Thursday, May 6, 2010

What is Papandreou So Afraid Of?


I recently posted this on the Linkedin discussion forum 'Friends of Greece', a very active board that I recommend all Hellenes on Linkedin join.

'What happens if Greece just refuses to pay anything... No principle or interest? All I have heard is a presumptive "we MUST take this deal" by Papandreaou and other government officials...even as a child I was taught to ask the question...if we don't what will happen?'

Below is the closest there has been to any kind of response...and if that is the case then all Greeks would be infinitely better off defaulting or restructuring except for a few of the really rich:

"This is a time of responsibility for all, for social cohesion, for safety, and for democracy," he said.
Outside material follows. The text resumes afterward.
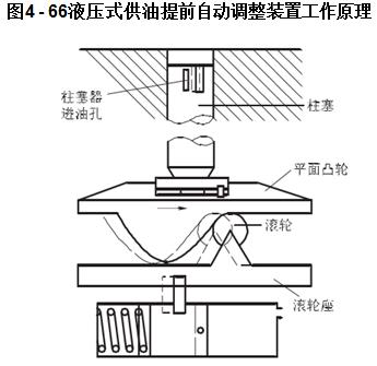在噴油泵處于靜止?fàn)顟B(tài)時,活塞在彈簧力作用下,被推向右側(cè)。當(dāng)柴油機工作后,泵內(nèi)燃油壓力升高。當(dāng)活塞兩邊失去平衡時,活塞開始向左移動,通過連接銷、撥銷推動滾輪座沿順時針方向轉(zhuǎn)動,即滾輪座相對于平面凸輪轉(zhuǎn)動,迫使平面凸輪提早頂起,供油提前角增大而使供油提前;反之,轉(zhuǎn)速降低,滾輪逆時針方向轉(zhuǎn)動,即滾輪座順著平面凸輪轉(zhuǎn)動,供油提前角減小而使供油滯后,如圖4-66所示。

Despite the violence and mass protest, Papandreou defended Greece's decision to seek aid and move ahead with the austerity and reform measures, saying the country had no other choice.

"The government understand the feelings of the pensioners who have had their pensions cut, of the workers who have had their incomes cut," he said. "But we did it to secure a future, which we would not have had without it."

"The other option was that the country would have become bankrupt, and in turn all of the Greek population would have become bankrupt," he added.'


Papandreou claims there is no other choice

So bankruptcy is just 'bad', without a coherent explanation as to why a debt-ridden country with a debt-ridden population should accept a punitive 'bailout' package without even minimal restructuring, which will only put off the inevitable for a few years of interest payments. On the other hand, here is an excerpt from an article outlining various sovereign defaults throughout recent history:

'For Greece, the prospect of default is naturally tied to other countries in the Eurozone. They are rightly worried that a default by Greece would destabilize the euro and countries like Portugal, Italy, Spain and Ireland.

While strong support was confirmed by the €110-billion emergency loan, Mr. Peijan thinks a debt restructuring could still be necessary at a later date. This is because austerity measures increase the population’s resistance over time. The willingness of the IMF and European Union to provide potentially necessary follow-up financing may also decline.

“In this case, the contagion argument would speak for a relatively high recovery value and for political pressure on Greece to offer rather favourable terms,” the strategist said. “Then, investors might be more willing to assume that this example is followed by other European sovereigns, which would reduce the pressure on these markets.”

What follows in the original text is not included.